Please return each entry that follows exactly as given, but without pictures.

__Study material__:
+ + + + +

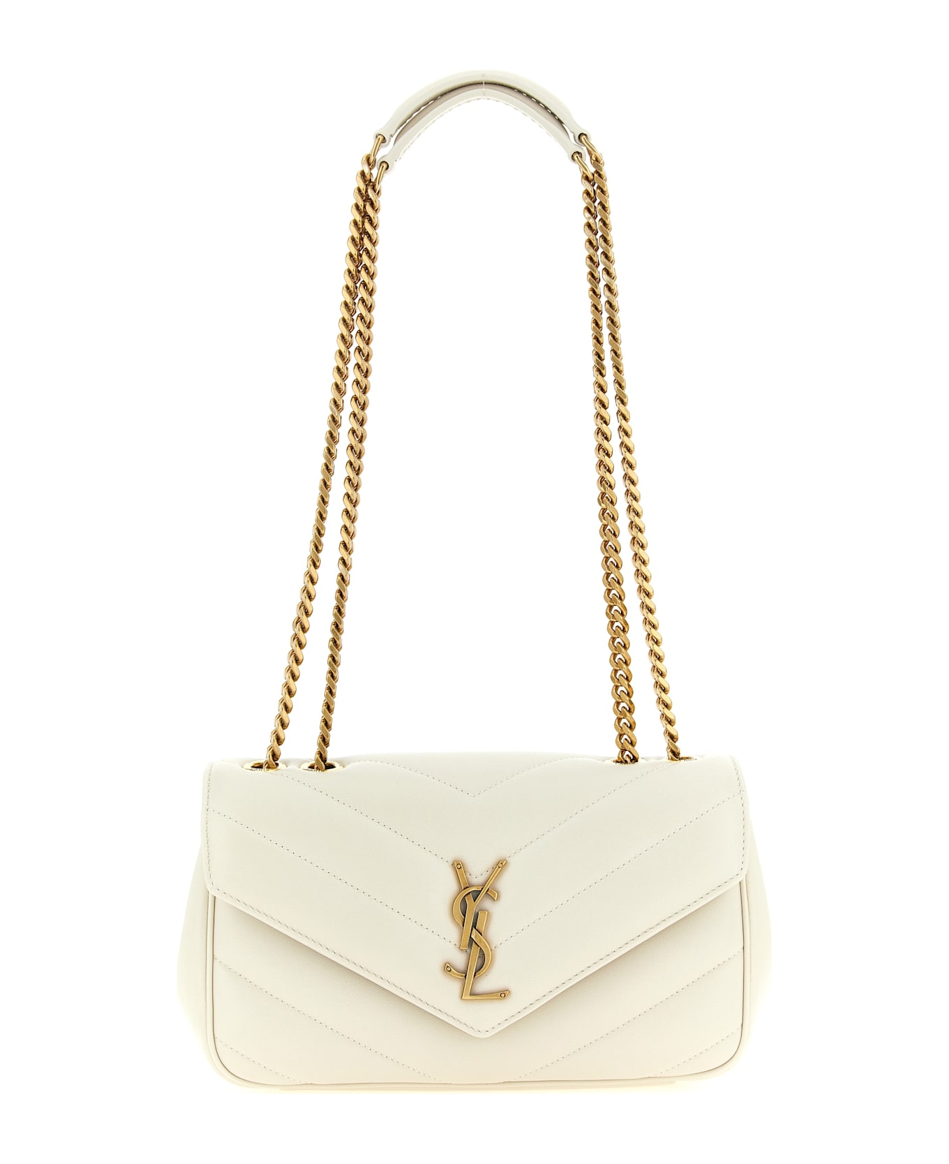 Small 'Loulou' lambskin shoulder bag with chevron quilted stitching, grosgrain lining, magnetic flap closure with antiqued Cassandre metal logo on the front, sliding chain shoulder strap with leather protection, leather clutch bag with removable mirror.
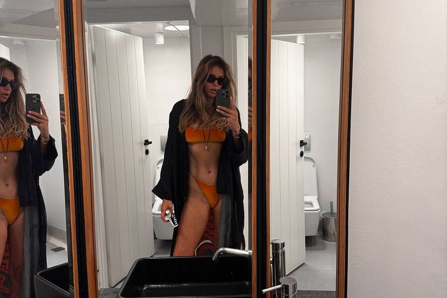 43-летняя Вера Брежнева стояла перед зеркалом в оранжевом бикини, которое дополнила черной накидкой и солнцезащитными очками. Певица также надела цепочку с кулоном и золотые браслеты. Поп-исполнительница была запечатлена с распущенными волосами и без макияжа.
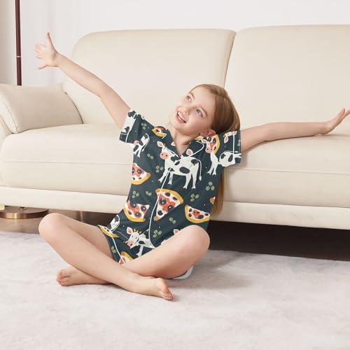 ALAZA Cow Pizza Cartoon Pajamas Satin Pajama Set Short Sleeve Button Down Sleepwear 4
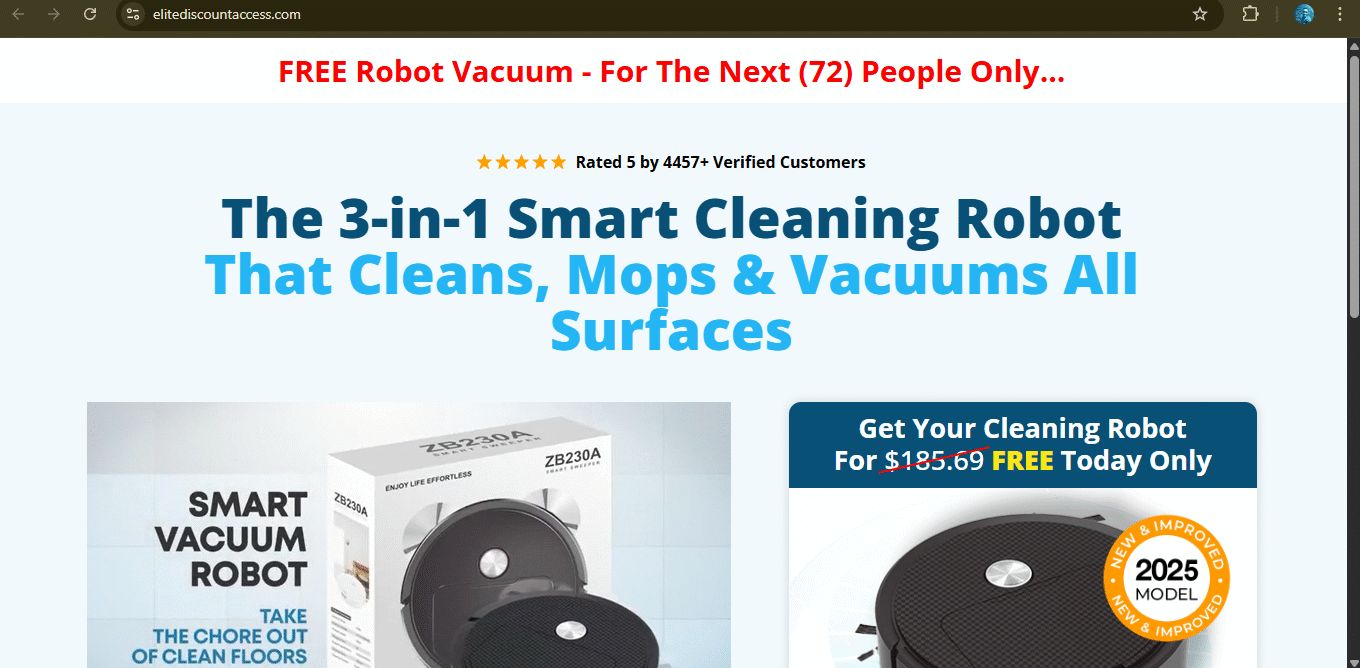 Online shoppers are constantly being targeted by fraudulent websites that make unbelievable promises to trick people into giving away money and personal details. One such site making rounds is Elitediscountaccess.com, which claims to offer a “FREE 3-in-1 Smart Cleaning Robot Vacuum” for the next 72 people. But is this really free or just another scam? Let’s break it down.
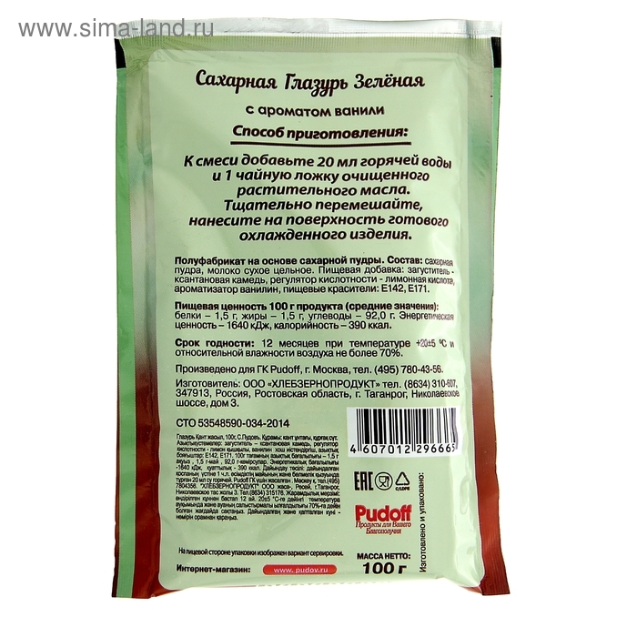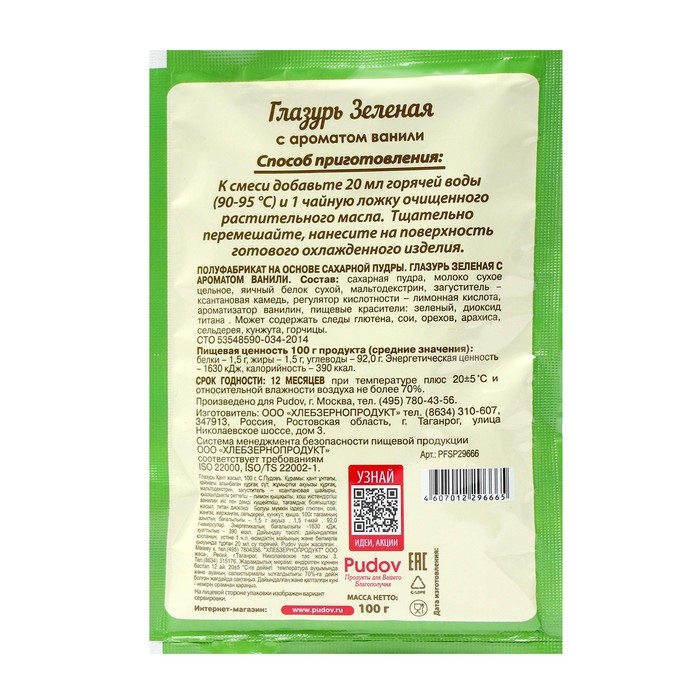 Сахарная глазурь «С. Пудовъ», зелёная, 100 г

+ + + + +

__Output below__:
 Small 'Loulou' lambskin shoulder bag with chevron quilted stitching, grosgrain lining, magnetic flap closure with antiqued Cassandre metal logo on the front, sliding chain shoulder strap with leather protection, leather clutch bag with removable mirror.
 43-летняя Вера Брежнева стояла перед зеркалом в оранжевом бикини, которое дополнила черной накидкой и солнцезащитными очками. Певица также надела цепочку с кулоном и золотые браслеты. Поп-исполнительница была запечатлена с распущенными волосами и без макияжа.
 ALAZA Cow Pizza Cartoon Pajamas Satin Pajama Set Short Sleeve Button Down Sleepwear 4
 Online shoppers are constantly being targeted by fraudulent websites that make unbelievable promises to trick people into giving away money and personal details. One such site making rounds is Elitediscountaccess.com, which claims to offer a “FREE 3-in-1 Smart Cleaning Robot Vacuum” for the next 72 people. But is this really free or just another scam? Let’s break it down.
 Сахарная глазурь «С. Пудовъ», зелёная, 100 г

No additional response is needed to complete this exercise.